→ **WHAT THIS TASK INVOLVES**
From the line containing "Συγκεντρωτικά στοιχεία από" down to the line containing "Art. No. | DN", copy out the entries below exactly, both lines included, and nothing else; pictures do not belong in the copy.

(Source data)
***

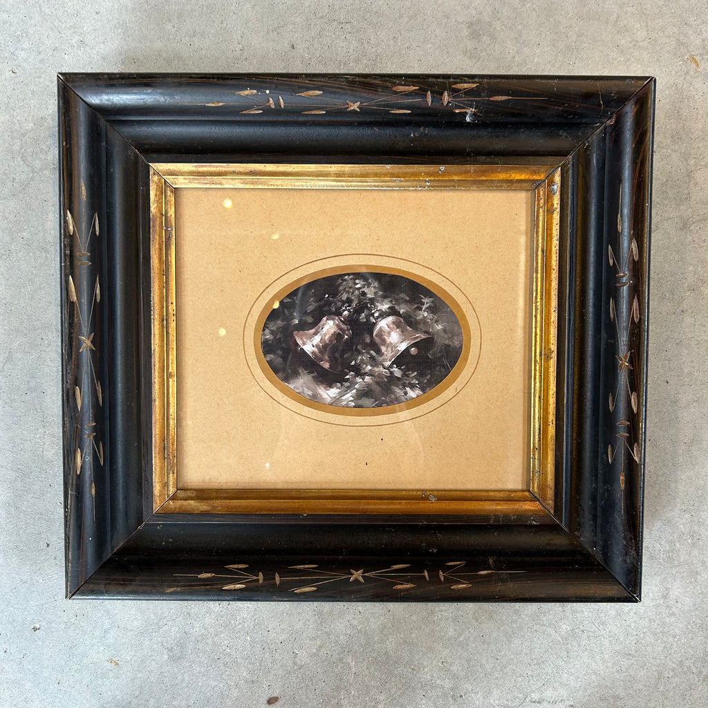 A beautiful image of Christmas bells printed on linen paper and framed in a fantastic antique frame with the original matting.
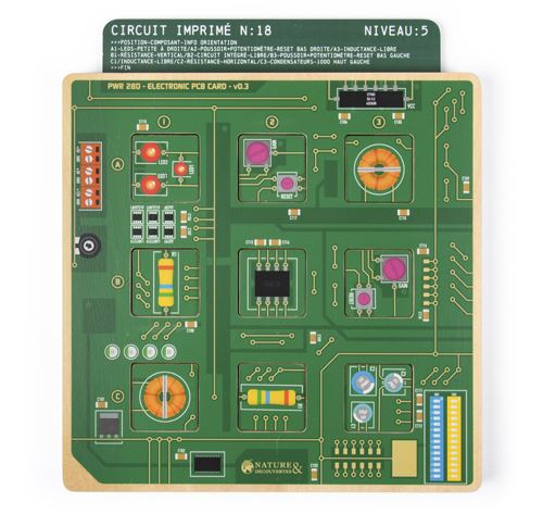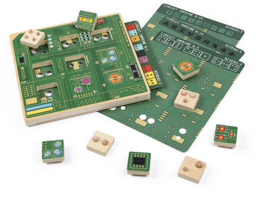 1 Circuito de Madeira | 12 Peões de Madeira componentes eletrônicos | 10 Cartas “Problema” | 1 Cartão Solução
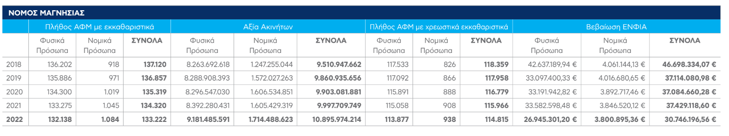 Συγκεντρωτικά στοιχεία από την ΑΑΔΕ παρουσιάζονται επίσης για τη Μαγνησία με το πλήθος των φορολογουμένων του Νομού να ανέρχεται στους 133.222, εκ των οποίων οι 132.138 είναι φυσικά πρόσωπα και οι 1.084 είναι νομικά. Η αξία των ακινήτων και των δύο ομάδων ανέρχεται στα 10.895.974.214 ευρώ, ενώ το συνολικό ποσό που πρέπει να καταβληθεί είναι 30.746.196,56 ευρώ σχετικά με τις δύο ομάδες. Πρέπει να σημειωθεί ότι το ποσό αυτό είναι μικρότερο σε σχέση με την περσινή χρονιά με τη διαφορά μάλιστα να είναι αξιοσημείωτη, καθώς ανέρχεται στο ποσό των 6.682.9221 ευρώ.
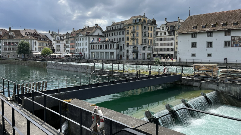 Vackert vart ögat såg. Luzern var en gammal stad med ringmur inbäddad mellan de pampiga husen. Man fick känsla av Genève med det gröna vattnet. Det fanns många parkeringshus med höjd på 2,10 och några få med höjd på 2,30.Vägarna runt Luzern slingrade sig upp för branterna och skidområden fanns det gott om. Bra Ställplatser var det värre med. På de flesta ställen är det förbjudet att stå mellan 22-06. |
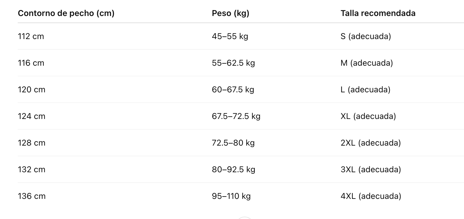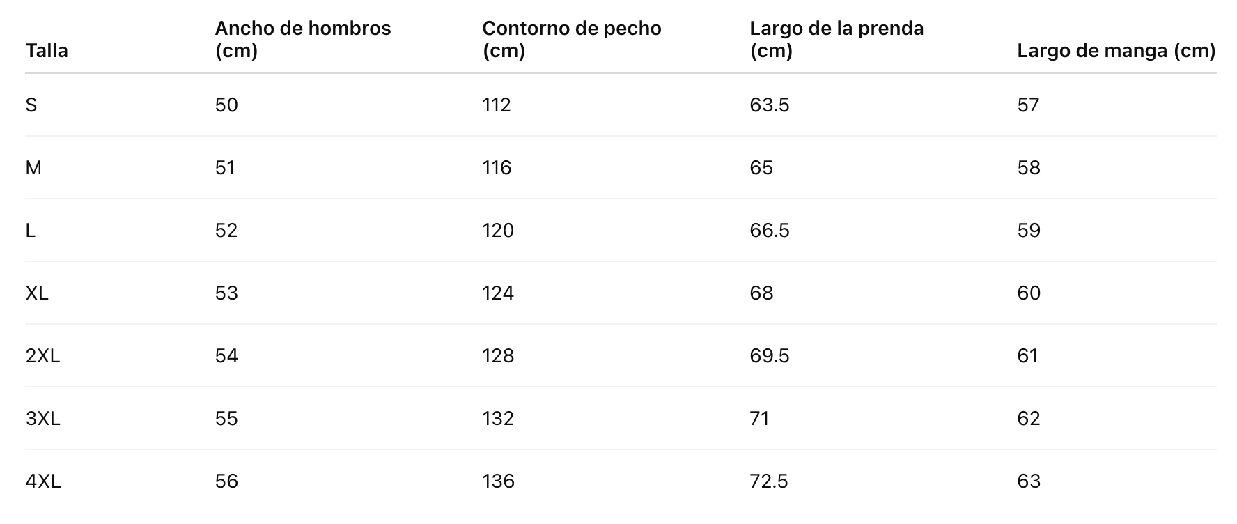 Talla Ancho de hombros (cm) Contorno de pecho (cm) Largo de la prenda (cm) Largo de manga (cm)
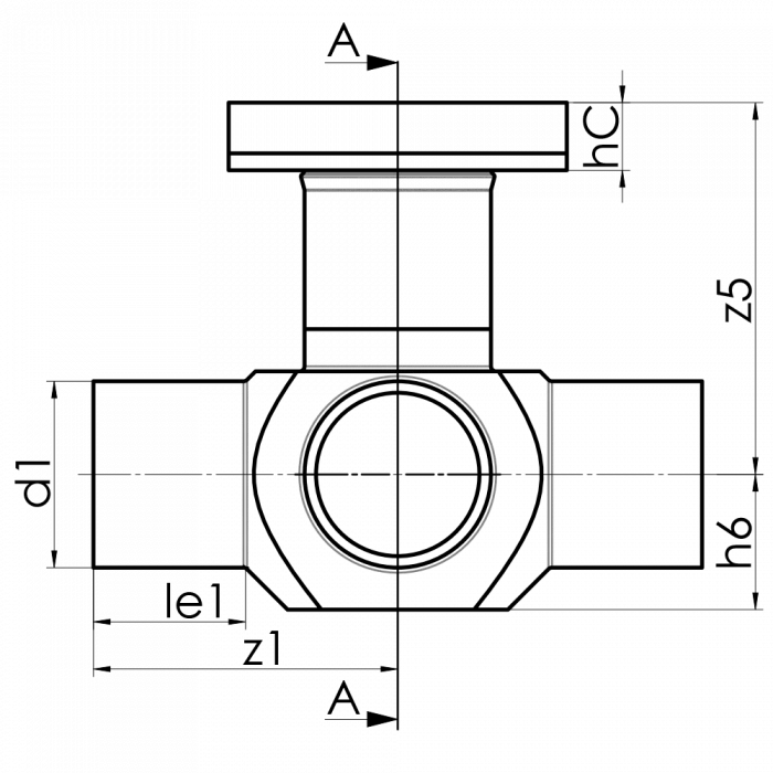 Art. No. | DN [mm] | d1 [mm] | d2 [mm] | le1 [mm] | le1* [mm] | le2 [mm] | z1 [mm] | z2 [mm] | h6 [mm] | z5 [mm] | hC [mm] | kg |
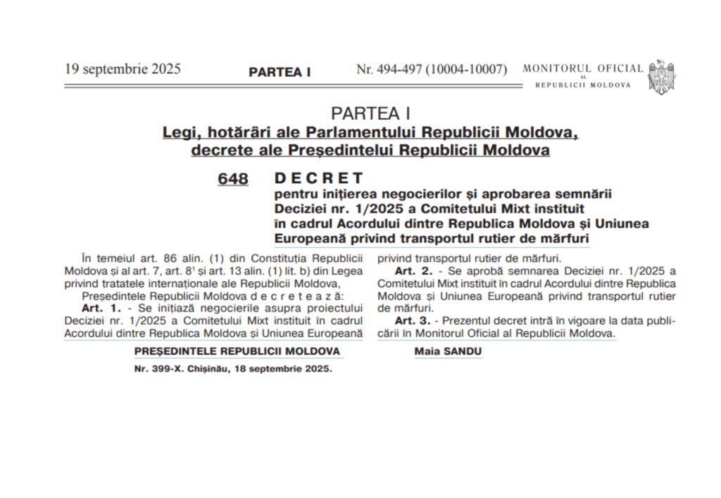 Republica Moldova a deschis negocierile cu Uniunea Europeană pentru consolidarea cooperării în transportul rutier de mărfuri, după publicarea în Monitorul Oficial a decretului semnat de președinta Maia Sandu, transmite MOLDPRES. Documentul prevede inițierea discuțiilor asupra proiectului Deciziei nr. 1/2025, aprobarea semnării acesteia în Comitetul Mixt moldo-european și aplicarea imediată a prevederilor.

***

→ **TASK ANSWER**
 Συγκεντρωτικά στοιχεία από την ΑΑΔΕ παρουσιάζονται επίσης για τη Μαγνησία με το πλήθος των φορολογουμένων του Νομού να ανέρχεται στους 133.222, εκ των οποίων οι 132.138 είναι φυσικά πρόσωπα και οι 1.084 είναι νομικά. Η αξία των ακινήτων και των δύο ομάδων ανέρχεται στα 10.895.974.214 ευρώ, ενώ το συνολικό ποσό που πρέπει να καταβληθεί είναι 30.746.196,56 ευρώ σχετικά με τις δύο ομάδες. Πρέπει να σημειωθεί ότι το ποσό αυτό είναι μικρότερο σε σχέση με την περσινή χρονιά με τη διαφορά μάλιστα να είναι αξιοσημείωτη, καθώς ανέρχεται στο ποσό των 6.682.9221 ευρώ.
 Vackert vart ögat såg. Luzern var en gammal stad med ringmur inbäddad mellan de pampiga husen. Man fick känsla av Genève med det gröna vattnet. Det fanns många parkeringshus med höjd på 2,10 och några få med höjd på 2,30.Vägarna runt Luzern slingrade sig upp för branterna och skidområden fanns det gott om. Bra Ställplatser var det värre med. På de flesta ställen är det förbjudet att stå mellan 22-06. |
 Talla Ancho de hombros (cm) Contorno de pecho (cm) Largo de la prenda (cm) Largo de manga (cm)
 Art. No. | DN [mm] | d1 [mm] | d2 [mm] | le1 [mm] | le1* [mm] | le2 [mm] | z1 [mm] | z2 [mm] | h6 [mm] | z5 [mm] | hC [mm] | kg |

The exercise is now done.